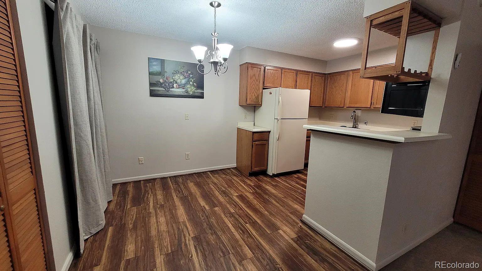 Luxurious, clean, newer paint throughout, corner unit, vaulted ceiling in the living room with large skylight. Fire place and balcony overlooking green area. Open kitchen includes peninsula that would fit a couple of bar stools. Large master with large walk in closet. Second bedroom also large with a walk in closet. Washer and dryer included. Central AC. Storage unit off the balcony. Outdoor pool and tenis court. Great area close to restaurants, and open space Bear Creek trail. Reserved parking spot #102. Quiet location, great condition. Small pet will be considered with additional pet rent and deposit. Great price for this beautiful condominium.
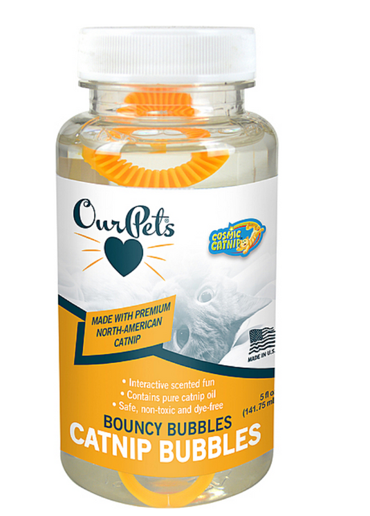 Cosmic Bouncy Catnip Bubbles contain pure catnip oil for interactive, scented fun. Bubbles are safe, non-toxic and dye free.
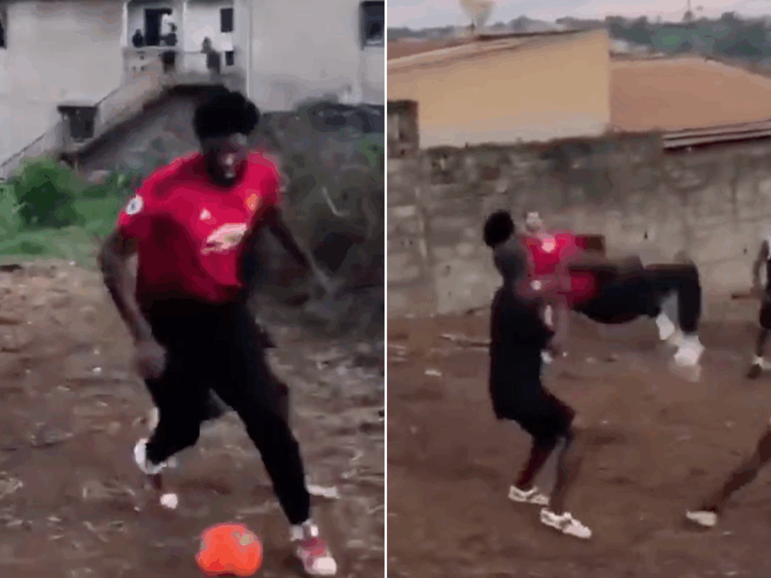 In a video from 2018 that’s resurfaced on social media, Philadelphia 76ers star Joel Embiid was seen attempting a bicycle kick while playing with his fans back home in Africa, much to the delight of the fans.
⁂
What you will do: A verbatim copy is needed of the lines running from the line with "Cosmic Bouncy Catnip" to the end of the data above, both included. Keep the pictures out of it.

Exercise answer:
 Cosmic Bouncy Catnip Bubbles contain pure catnip oil for interactive, scented fun. Bubbles are safe, non-toxic and dye free.
 In a video from 2018 that’s resurfaced on social media, Philadelphia 76ers star Joel Embiid was seen attempting a bicycle kick while playing with his fans back home in Africa, much to the delight of the fans.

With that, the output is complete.